What is being asked ▸ Return only the stretch of the material below that begins with the line containing "Screw-down winding crown" and ends with the line containing "Portes façon grange", exactly; both of those lines belong to it.

Data for processing ▸
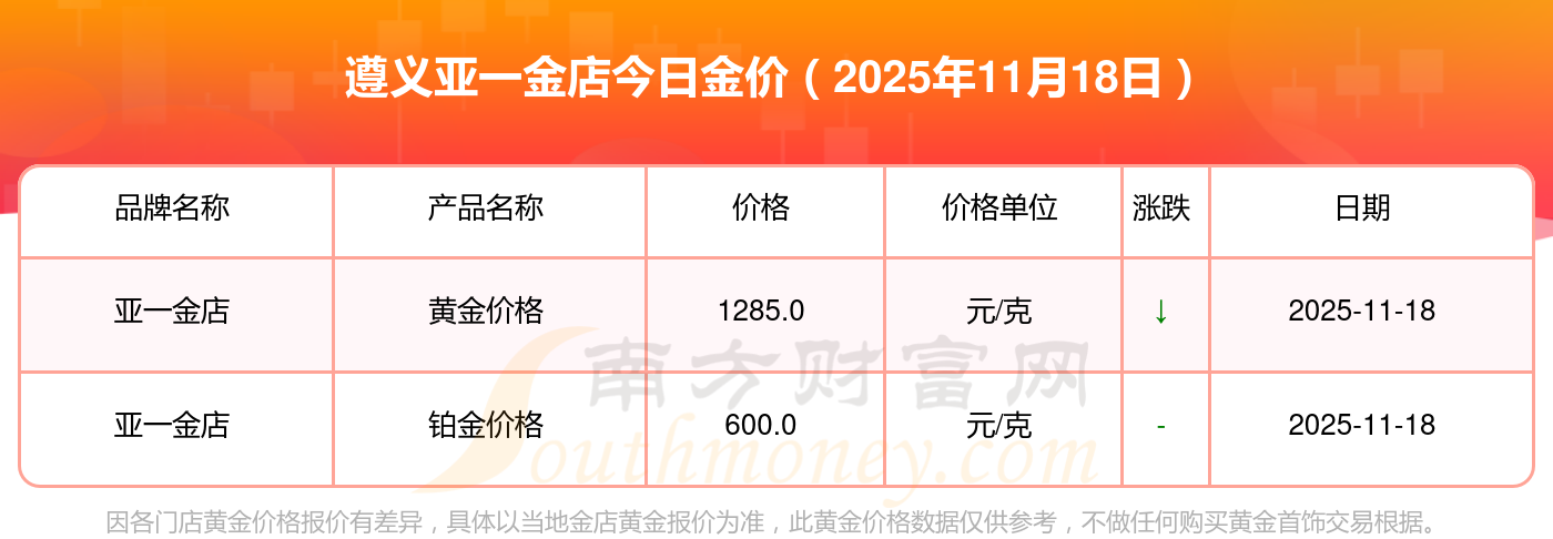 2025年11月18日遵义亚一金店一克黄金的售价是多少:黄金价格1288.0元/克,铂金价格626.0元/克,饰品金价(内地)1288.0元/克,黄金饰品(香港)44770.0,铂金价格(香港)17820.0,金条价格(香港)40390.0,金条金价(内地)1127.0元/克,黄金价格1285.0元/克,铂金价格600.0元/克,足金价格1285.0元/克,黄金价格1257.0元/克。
--
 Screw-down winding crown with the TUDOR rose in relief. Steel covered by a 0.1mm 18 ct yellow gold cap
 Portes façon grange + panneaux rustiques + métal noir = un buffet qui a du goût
==
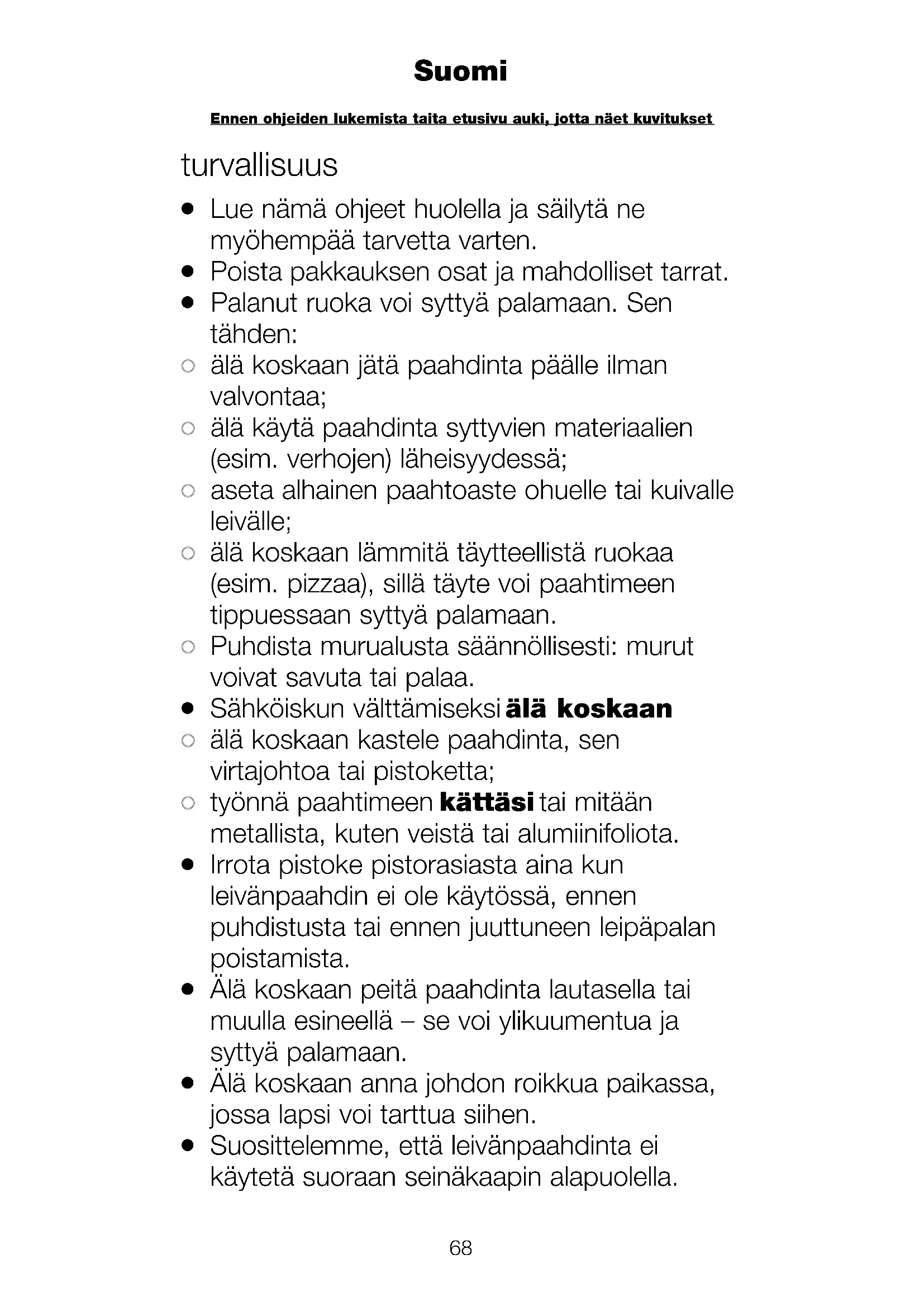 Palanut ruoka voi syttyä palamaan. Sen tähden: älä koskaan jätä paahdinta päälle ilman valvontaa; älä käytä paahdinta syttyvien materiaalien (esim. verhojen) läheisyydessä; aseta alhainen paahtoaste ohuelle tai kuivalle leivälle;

Completed task ▸
 Screw-down winding crown with the TUDOR rose in relief. Steel covered by a 0.1mm 18 ct yellow gold cap
 Portes façon grange + panneaux rustiques + métal noir = un buffet qui a du goût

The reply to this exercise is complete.